Но что бы критики и композиторы ни думали о музыкальном прогрессе, именно в доме любителя, как говорил Вагнер, музыка по-настоящему сохраняется, а музыка любителя в значительной степени зависит от школ. Поколение назад музыка была, безусловно, социологически эгоистичной. Музыканты не осознавали, что все слои общества открыты для влияния прекрасной музыки, если только у них есть возможность познакомиться с ней. Но с тех пор произошли огромные сдвиги, как количественные, так и качественные, в музыкальном образовании. Мы распространили его повсеместно, с растущей верой в то, что понимание зависит не от технических знаний или исполнительского мастерства, а от отзывчивого темперамента и воли к пониманию. Знакомство, по возможности домашнее, — ключ к этому пониманию; и в этой связи, я полагаю, огромное образовательное будущее ожидает пианолы и граммофоны, если только подготовка их записей будет вестись на художественных, а не на узкокоммерческих началах. И наши критерии суждения стали выше: мы уже не поклоняемся так слепо одним лишь именам, будь то прошлого или настоящего, и не возносим исполнителя так головокружительно над тем, что исполняется. Мы также не так легкомысленно скрываем свое безразличие к жизненно важным различиям, рассуждая о разнице вкусов: мы знаем, что, как бы широко мы ни были настроены в рамках хорошего, будь то серьезное или веселое, рано или поздно в нашем суждении о музыкальных, как и о любых других духовных ценностях, наступает момент, когда мы должны проявить твердость. Мы движемся вперед, и наши теории достаточно здравы: но путь демократически расширенного, и справедливо расширенного, искусства отнюдь не легок. Принцип повышения уровня так легко переходит в практику снижения уровня: и книга музыки будет закрыта раз и навсегда, если мы примем полное вдохновение большинства.

Но здесь, в Англии, величайшая угроза музыкальному прогрессу, как я осмелюсь думать, — это самозваный практичный англичанин, укрепленный сознанием того, что, по крайней мере, пару столетий или более мы как нация придерживались низкого мнения об искусствах и скорее гордились этим, нежели наоборот.
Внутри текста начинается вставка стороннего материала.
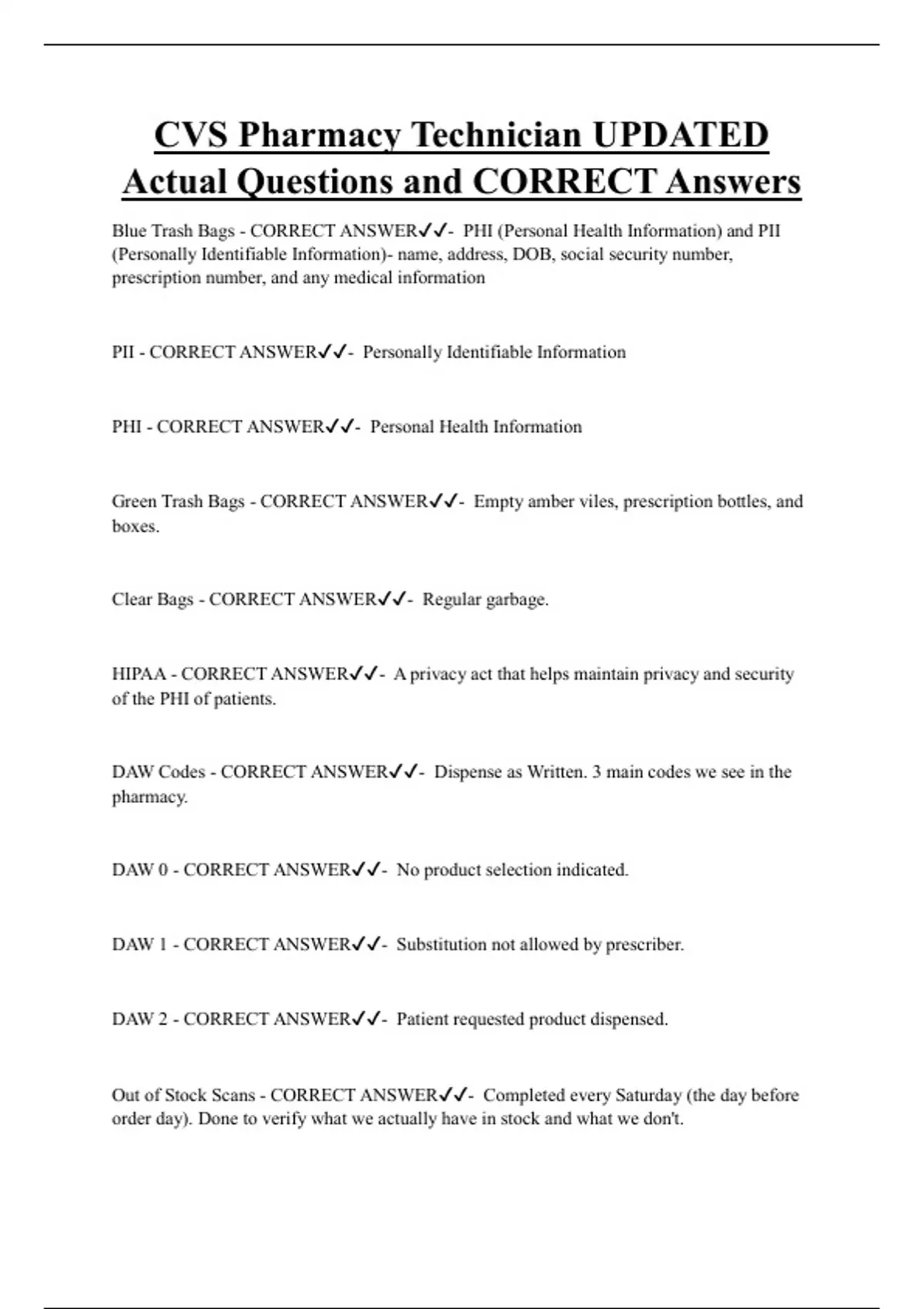 CVS Pharmacy Technician UPDATED Actual Questions and CORRECT Answers

Так очевидно, что никакая профессия экономически не является более несостоятельной, чем профессия серьезного композитора: не так очевидно, что мы обязаны всеми великими духовными вещами, которыми мы главным образом живем, тем, кого мир называет мечтателями, среди которых великие музыканты занимали, и, я надеюсь и верю, всегда будут занимать, не последнее место. Против «практичного англичанина» и всего, что влечет за собой его отношение к музыке, мы все можем бороться в своих сферах: и я хотел бы порекомендовать вам в качестве полезного оружия три совершенно разные книги, написанные совершенно разными людьми: великую книгу сэра Хьюберта Пэрри «Стиль в музыкальном искусстве», отчет г-на К. Т. Смита о его художественной работе в начальной школе в Ист-Энде в Лондоне, который он называет «Музыка жизни», и брошюру «Голодные искусства означают низкие удовольствия», недавно написанную г-ном Бернардом Шоу для Британского музыкального общества. И одна конкретная линия косвенной атаки, легко доступная всем нам, на мой взгляд, особенно многообещающая. В третьем и четвертом стихах тридцать пятой главы книги Премудрости Иисуса, сына Сирахова, мы найдем эти наставления, которые я перевожу так буквально, как только можно перевести греческие эпиграммы: «Не препятствуй музыке: не изливай болтовню во время любого художественного исполнения: и не спорь некстати». Иными словами, разговор, каким бы ценным он ни был, мешает полному прослушиванию музыки; а музыка, которая не предназначена для того, чтобы ее слушали в ее полноте, не стоит того, чтобы называться музыкой, и было бы гораздо лучше, если бы ее вообще не было. Музыкальный прогресс будет духовно на верном пути, когда мы все осознаем эту аксиоматическую истину так же твердо, как этот еврейский мудрец две тысячи с лишним лет назад.

ПРИМЕЧАНИЯ:

[71] The Times, 17 апреля 1919 г.

XII

СОВРЕМЕННЫЙ РЕНЕССАНС

Ф. МЕЛИАН СТАУЭЛЛ

Чтобы хоть в какой-то степени понять современный взгляд на жизнь, кажется необходимым вернуться во времена Французской революции. Ибо в ту волнующую эпоху в умах энтузиастов вспыхнул идеал человеческой жизни, более масштабный, чем когда-либо прежде, и тот, который с тех пор доминирует над всеми нами. Если мы придадим, как я считаю, мы должны придать, широкий смысл слову «Свобода» и заставим его означать все, что стоит за саморазвитием, тогда можно сказать, что этот идеал был довольно хорошо подытожен в знаменитом революционном лозунге: «Свобода, Равенство, Братство». Во всяком случае, невозможно читать идеалистов того времени и его продолжения — скажем, с 1793 по 1848 год — будь то во Франции, Германии, Англии или Италии, внутри или вне революционных рядов, не чувствуя их бодрой надежды на то, что открывается новая эра, в которой человек, отбросив старые оковы и предрассудки, может сразу же продвинуться к знанию, радости, великолепию, как для себя, так и для всех своих ближних. Шелли, пожалуй, наиболее типичен для того, что я имею в виду. Хогг смеялся над ним за его веру в «совершенствуемость» человеческого рода, но Хогг знал, что эта вера была жизненно важна для поэта. Для Шелли было проклятой доктриной, что многие должны быть принесены в жертву немногим: но и конечное видение, которое вдохновляло его, не было видением немногих, приносимых в жертву ради многих. Он был кем угодно, только не аскетом, ищущим мученичества. Мученичество его Прометея — это прелюдия к Освобождению, когда счастье наводнит мир:—

'The joy, the triumph, the delight, the madness!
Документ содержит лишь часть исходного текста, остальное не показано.